Every Kubernetes cluster you add multiplies your monitoring problem. One Prometheus per cluster is easy; querying across twelve of them, in three clouds, with HA and a year of retention is where teams start hurting.

Here's the architecture that has worked for us in production.

The shape: hub and spoke

Each workload cluster runs Prometheus in agent mode — it scrapes locally and remote-writes everything to a central hub. No local storage beyond the WAL, no local querying, nothing to page you about in the spokes.

# spoke cluster: prometheus agent
prometheus:
  prometheusSpec:
    mode: agent
    remoteWrite:
      - url: https://metrics-hub.internal/api/v1/receive
        headers:
          X-Scope-Cluster: prod-aws-mumbai
        queueConfig:
          maxSamplesPerSend: 5000
          capacity: 20000

The hub runs Prometheus as a remote-write receiver, fronted by a load balancer, with external labels identifying each tenant cluster.

Why not federation?

We tried it. Federation pulls aggregated series on a scrape interval, which means you lose granularity exactly when you need it — during an incident. Remote write streams raw samples continuously, and agent mode keeps the spoke footprint tiny (we run spokes with 512Mi limits).

Thanos for the hard parts

The hub alone gives you a single pane of glass, but it's also a single point of failure. Thanos fixes the three remaining problems:

Problem	Thanos component
HA / deduplication	Sidecar + Querier with replica labels
Long-term retention	Store Gateway over object storage
Downsampling old data	Compactor (5m/1h resolutions)

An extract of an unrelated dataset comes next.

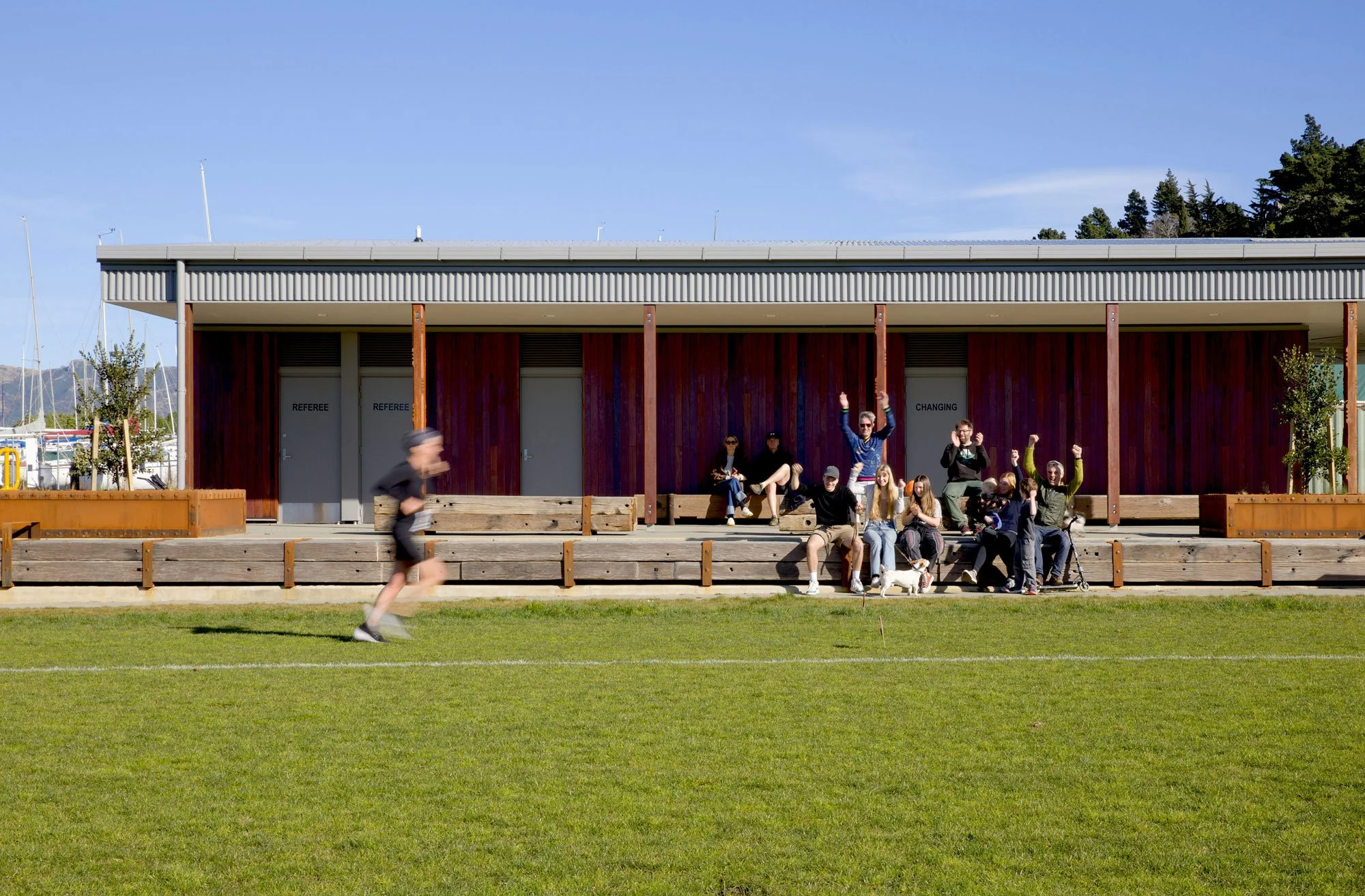 The design draws on the local vernacular, repurposing LPC wharf timbers, using rusticated metals, and yellow handrails that echo nearby tanks. Wharf piles and beams express the original seabed, while the wheke (octopus) inspires a mounded playspace. It is a project designed for the locals, with the locals â people and wildlife alike.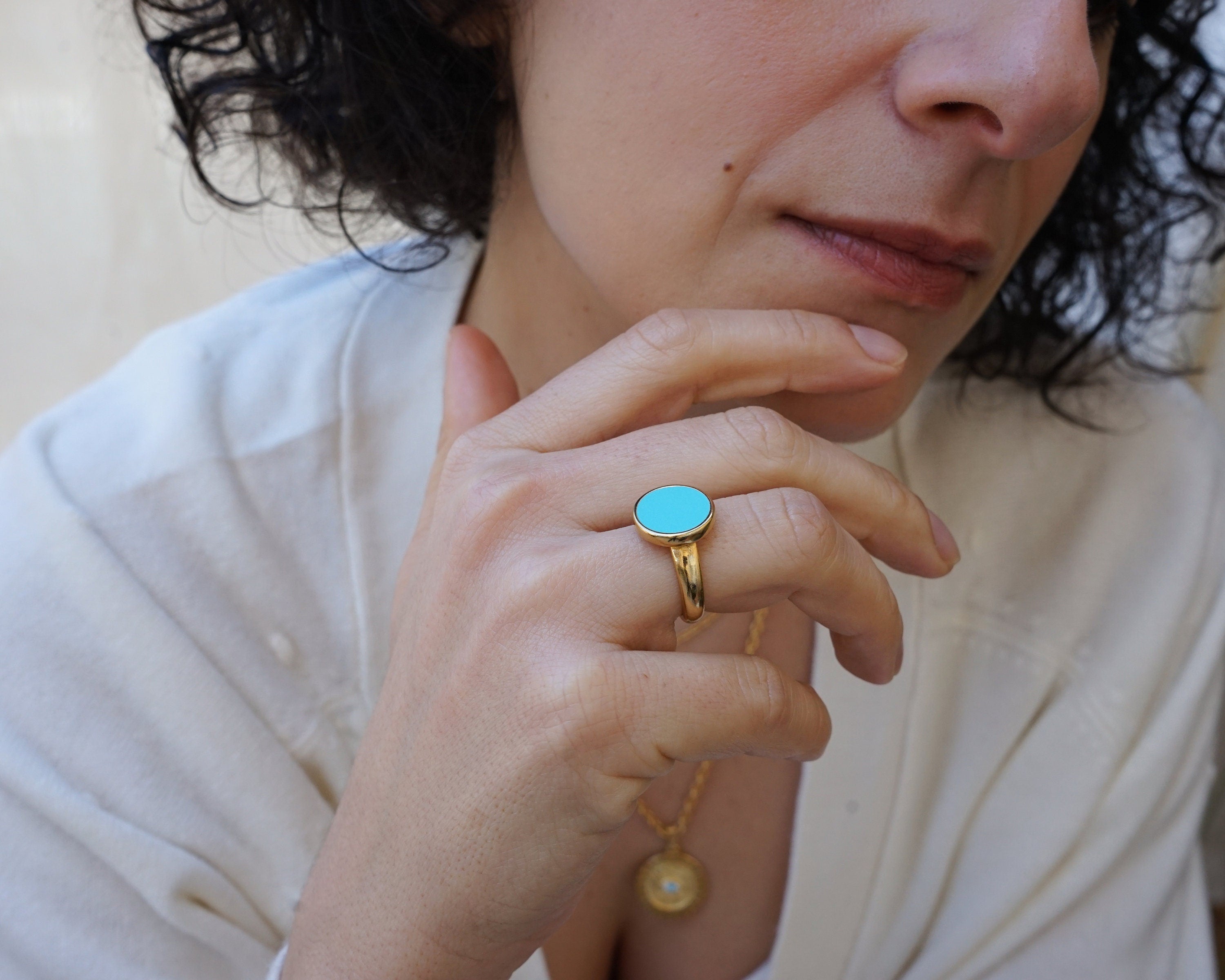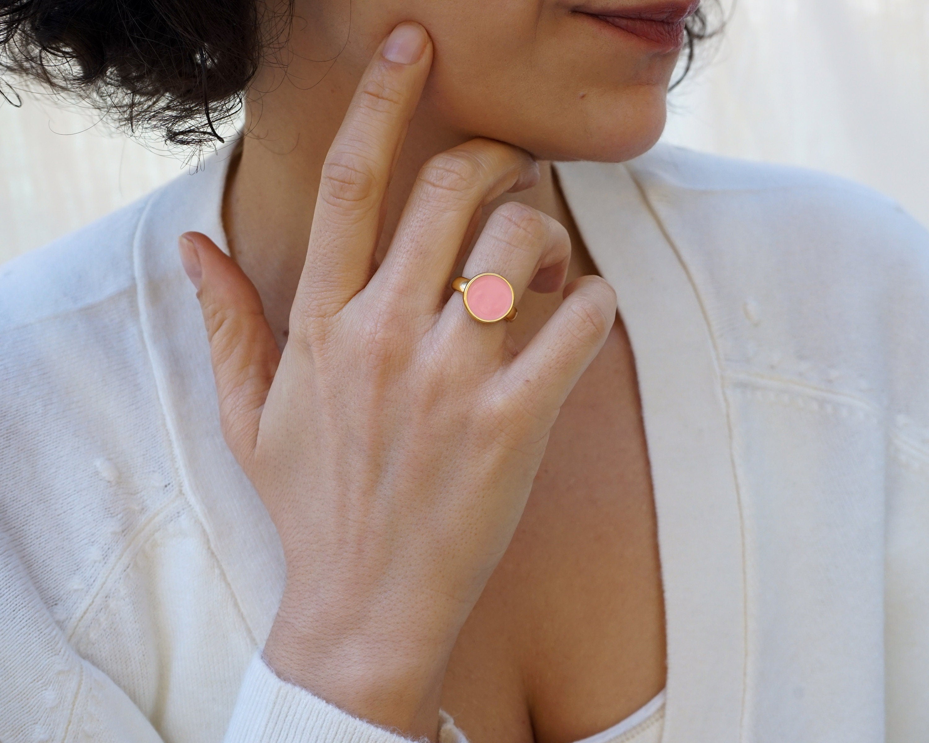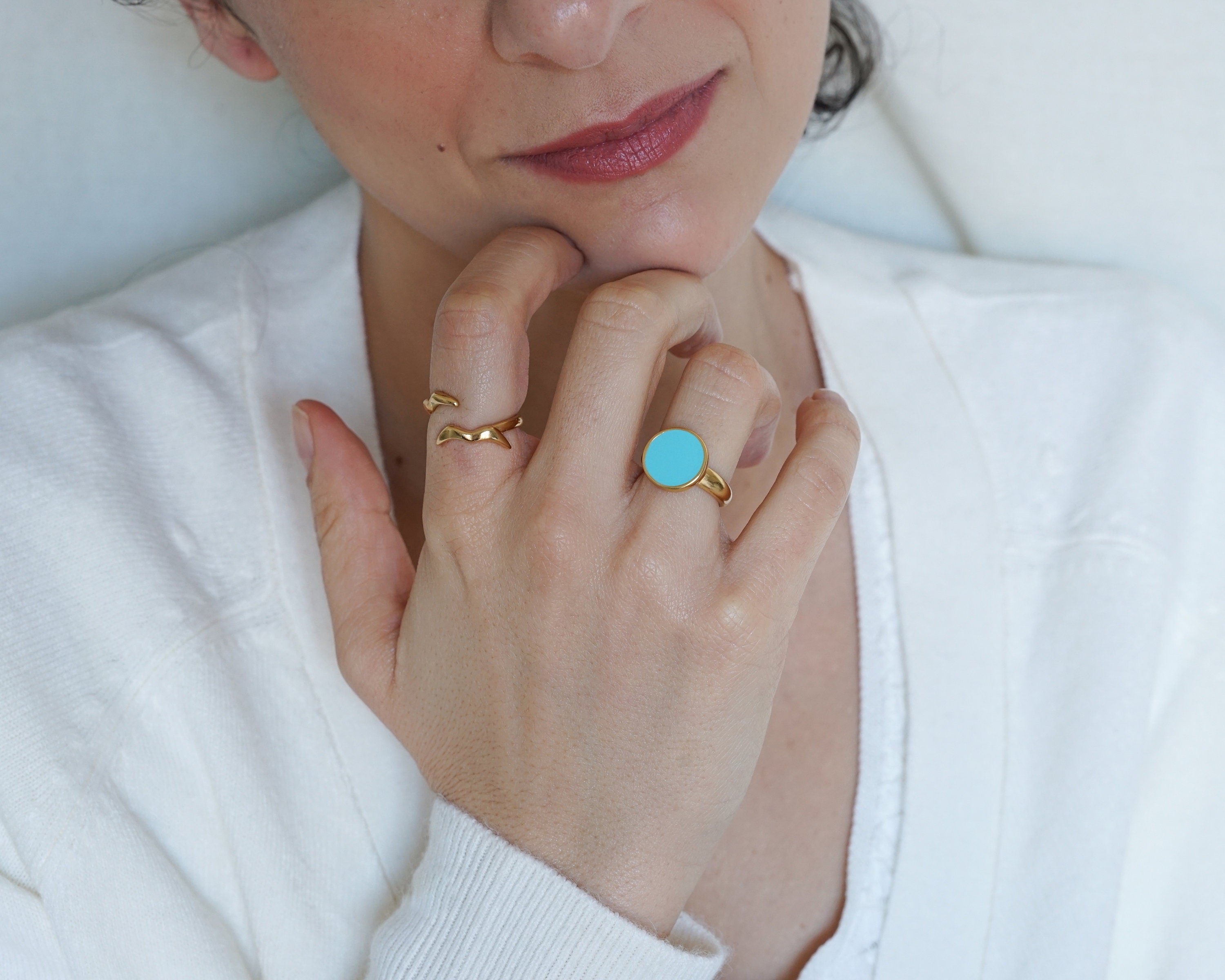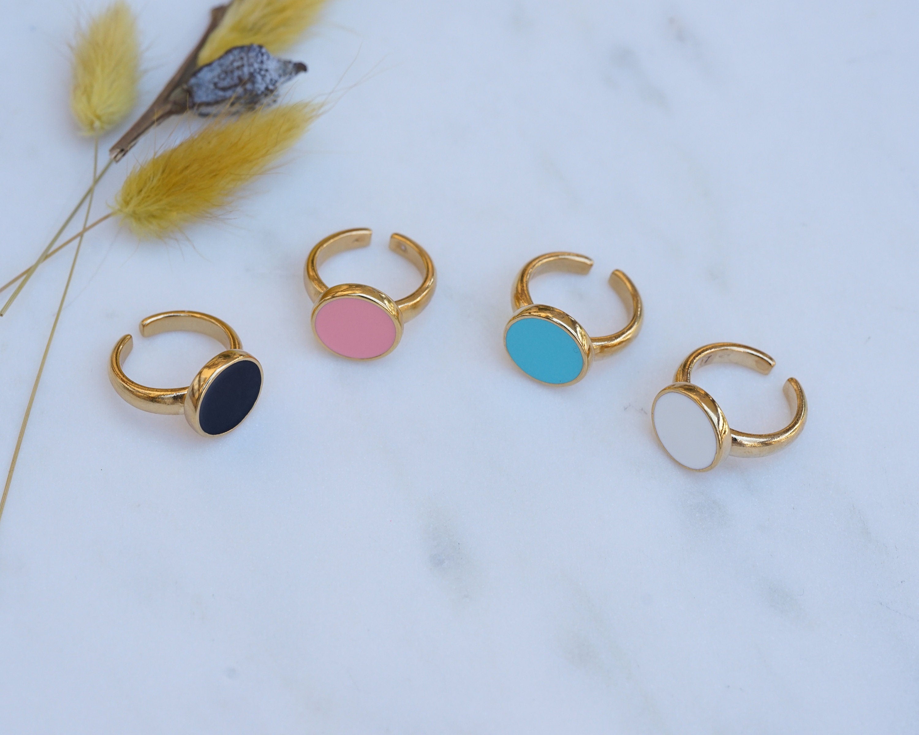 Discover the elegance of this chic solitaire ring, featuring an enamel setting available in white, black, coral, or turquoise. Its minimalist design makes it a versatile addition to your jewelry collection, perfect for enhancing a variety of outfits.

Run two hub replicas with replica external labels, let the Querier deduplicate, and ship blocks to S3/GCS/Azure Blob every two hours. Retention on the hub drops to days; object storage handles the year.

thanos:
  objstoreConfig:
    type: S3
    config:
      bucket: metrics-longterm
      endpoint: s3.ap-south-1.amazonaws.com

Alerting: keep it close to the data

One thing we deliberately did not centralize: critical alerts. Rules like KubeletDown or disk-pressure evaluate on the hub, but each spoke keeps a tiny set of "is my pipeline alive?" rules with a dead-man's-switch. If a spoke stops remote-writing, the hub notices; if the hub dies, the spokes still scream through a secondary Alertmanager path.

Results

MTTD down ~90% — one query surface, no "which Grafana do I check?"
MTTR down ~50% — cross-cluster correlation in a single dashboard
Spoke overhead small enough that nobody argues about running it everywhere

The pattern scales sideways: onboarding a new cluster is one Helm values file and one external label. That's the real win — monitoring stopped being a per-cluster project and became a platform capability.